L’ottavo comandamento, uno dei due più corti, dichiara semplicemente: “Non ruberai” (Es. 20:15; De. 5:19). Il furto, o ladrocinio è prendere la proprietà di un altro uomo per coercizione, frode, o senza il suo consenso non forzato. Anche defraudare, danneggiare la proprietà, o distruggerne il valore è furto. Non è necessario che il derubato sia a conoscenza del furto perché questo sia peccato.
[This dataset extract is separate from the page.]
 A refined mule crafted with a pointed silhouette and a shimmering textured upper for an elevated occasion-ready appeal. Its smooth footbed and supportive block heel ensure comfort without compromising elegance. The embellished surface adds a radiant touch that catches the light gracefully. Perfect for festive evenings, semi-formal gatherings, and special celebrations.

Pertanto, viaggiare in treno o sull’autobus senza pagare l biglietto è furto, anche se la compagnia di trasporto non è consapevole del fatto avvenuto.

Il furto può essere compiuto in una varietà di modi. Primo, nel semplice furto il ladro deruba la vittima direttamente. Secondo, in un furto complesso ma ancora diretto, il ladro deruba la vittima come partecipante di una banda di ladri. In tale caso, un uomo può non essere direttamente coinvolto nell’azione di furto, ma ne è parte lo stesso come consapevole partecipe nell’associazione col gruppo di ladri. Terzo, il furto può essere commesso con mezzi indiretti e legali, per esempio facendo passare una legge che rubi dai ricchi, dal ceto medio o dai poveri, a beneficio di un particolare gruppo. A quel punto, lo stato diventa l’agenzia mediante la quale viene effettuato il furto, e una copertura pseudo-morale viene fornita mediante approvazione giuridica.
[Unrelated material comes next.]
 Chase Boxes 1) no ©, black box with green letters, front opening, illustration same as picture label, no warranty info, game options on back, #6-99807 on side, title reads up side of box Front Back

Furto non è solamente l’esproprio, legale o illegale, della proprietà di un altro uomo contro la sua volontà o con frode, ma anche la distruzione di proprietà, con un atto di volontà o accidentalmente. Così, bruciare la casa di un uomo incendiandola è furto, ma è furto anche se la casa ha preso fuoco per incuria. Danneggiare l’auto di un uomo è derubarlo del suo valore; in questo ambito, la restituzione è stata resa più o meno obbligatoria da leggi che obbligano ad assicurarsi. Poiché l’inflazione indebolisce o distrugge il valore della valuta cartacea, anche l’inflazione è decisamente una forma di furto.

Anche la frode è chiaramente furto. Un uomo può acquistare volontariamente un oggetto sotto l’impressione che sia ciò che è rappresentato essere, ma la frode da parte del venditore lo rende chiaramente una forma di furto. Vendere latte annacquato ad un uomo è furto; le leggi contro le contraffazioni alimentari, per quanto oggi siano abusate, sono ancora leggi valide nei termini delle Scritture. Però, un popolo corrotto genera uno stato corrotto, che a quel punto non riesce a far rispettare nemmeno la migliore delle leggi senza corruzione.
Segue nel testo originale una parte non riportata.